Donald Trump’s characterization of Mexican immigrants as criminals and rapists during his presidential campaign angered Heidi Sainz, whose family is from Mexico and who has close friends who are immigrants. She was also upset that she couldn’t do anything about it at the ballot box because she was a year shy of being able to vote. Sainz favors a bill in the California Legislature that would lower the voting age to 17, which she thinks would give a voice to more people affected by the outcome of elections. “Looking at all the protests throughout this year throughout all the high schools across the nation, we could see a lot of the minors were protesting because they felt as if they didn’t have a voice,” said Sainz, a senior at Inderkum High School in Sacramento.
Lawmakers in more than a dozen states are trying to increase voter participation by targeting young people.

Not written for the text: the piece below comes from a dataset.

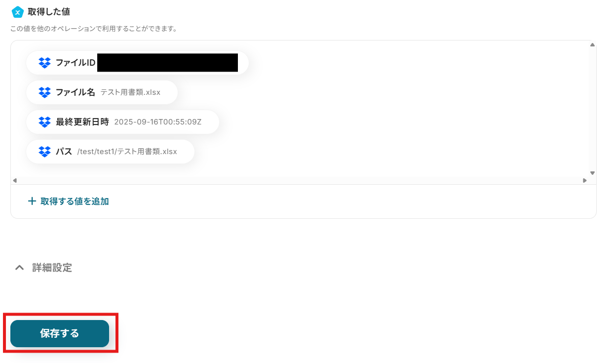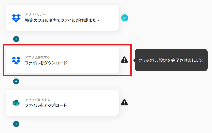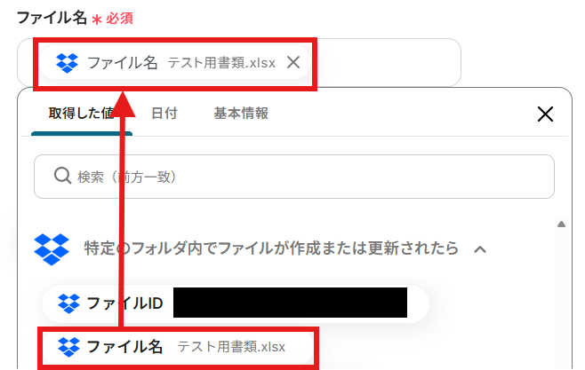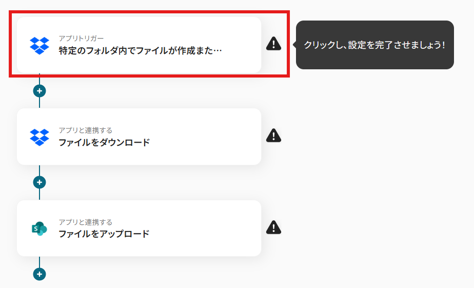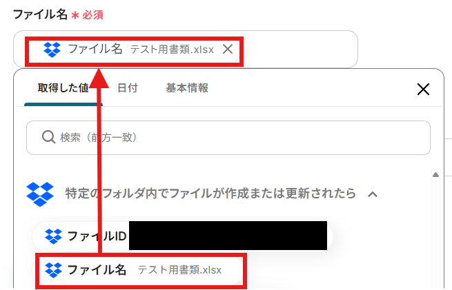 ステップ3:Dropboxで特定のフォルダ内でファイルが作成または更新されたら

Their bills are among nearly 500 pieces of legislation introduced around the country this year to make voting easier, according to a March analysis by New York University’s Brennan Center for Justice.
While Republican-leaning states have moved to tighten voting rules – nearly 90 such bills have been introduced – those efforts have been outstripped by the number of bills seeking to expand access to the polls.
“A lot of young people last year wanted to make their voices heard but were unable to do so because the rules prohibited them,” said Jonathan Brater, counsel with the nonpartisan Brennan Center Democracy Program.